#### [INSTRUCTIONS TO FOLLOW]
Whenever a line below includes the string "uygundur", show it.

#### [DATA FOR THIS EXERCISE]

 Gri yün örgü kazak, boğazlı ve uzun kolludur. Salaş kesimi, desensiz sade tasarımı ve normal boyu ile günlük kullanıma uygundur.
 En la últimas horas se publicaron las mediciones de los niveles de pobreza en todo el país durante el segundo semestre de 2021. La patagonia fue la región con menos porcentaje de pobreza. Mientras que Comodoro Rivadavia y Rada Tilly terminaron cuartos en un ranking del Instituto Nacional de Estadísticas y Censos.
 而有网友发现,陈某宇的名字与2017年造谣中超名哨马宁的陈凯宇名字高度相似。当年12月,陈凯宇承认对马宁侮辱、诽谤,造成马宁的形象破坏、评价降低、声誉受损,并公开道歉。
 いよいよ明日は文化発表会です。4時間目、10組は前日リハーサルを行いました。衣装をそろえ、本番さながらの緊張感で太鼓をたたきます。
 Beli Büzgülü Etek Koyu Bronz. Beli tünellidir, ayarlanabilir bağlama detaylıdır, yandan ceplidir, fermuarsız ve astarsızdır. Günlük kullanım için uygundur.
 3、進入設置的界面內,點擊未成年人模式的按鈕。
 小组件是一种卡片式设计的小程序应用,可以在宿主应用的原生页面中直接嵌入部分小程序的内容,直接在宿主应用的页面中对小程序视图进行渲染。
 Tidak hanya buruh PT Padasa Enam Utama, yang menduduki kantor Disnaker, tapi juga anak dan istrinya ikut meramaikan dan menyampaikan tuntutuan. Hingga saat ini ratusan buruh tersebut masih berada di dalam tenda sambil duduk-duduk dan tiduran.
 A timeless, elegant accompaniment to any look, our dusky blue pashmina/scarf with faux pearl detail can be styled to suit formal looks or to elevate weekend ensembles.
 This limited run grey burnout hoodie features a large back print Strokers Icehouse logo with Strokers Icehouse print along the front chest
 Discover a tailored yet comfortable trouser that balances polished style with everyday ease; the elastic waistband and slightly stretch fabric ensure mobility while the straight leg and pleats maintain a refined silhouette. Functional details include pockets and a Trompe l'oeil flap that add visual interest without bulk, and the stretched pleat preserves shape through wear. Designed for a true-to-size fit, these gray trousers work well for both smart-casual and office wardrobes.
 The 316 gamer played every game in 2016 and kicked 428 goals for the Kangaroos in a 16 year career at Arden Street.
--
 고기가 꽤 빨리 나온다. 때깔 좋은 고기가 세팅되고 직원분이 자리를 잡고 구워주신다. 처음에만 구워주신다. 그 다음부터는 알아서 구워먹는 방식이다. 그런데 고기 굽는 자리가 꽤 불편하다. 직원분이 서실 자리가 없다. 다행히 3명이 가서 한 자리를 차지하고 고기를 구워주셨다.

#### [EXPECTED ANSWER]
 Gri yün örgü kazak, boğazlı ve uzun kolludur. Salaş kesimi, desensiz sade tasarımı ve normal boyu ile günlük kullanıma uygundur.
 Beli Büzgülü Etek Koyu Bronz. Beli tünellidir, ayarlanabilir bağlama detaylıdır, yandan ceplidir, fermuarsız ve astarsızdır. Günlük kullanım için uygundur.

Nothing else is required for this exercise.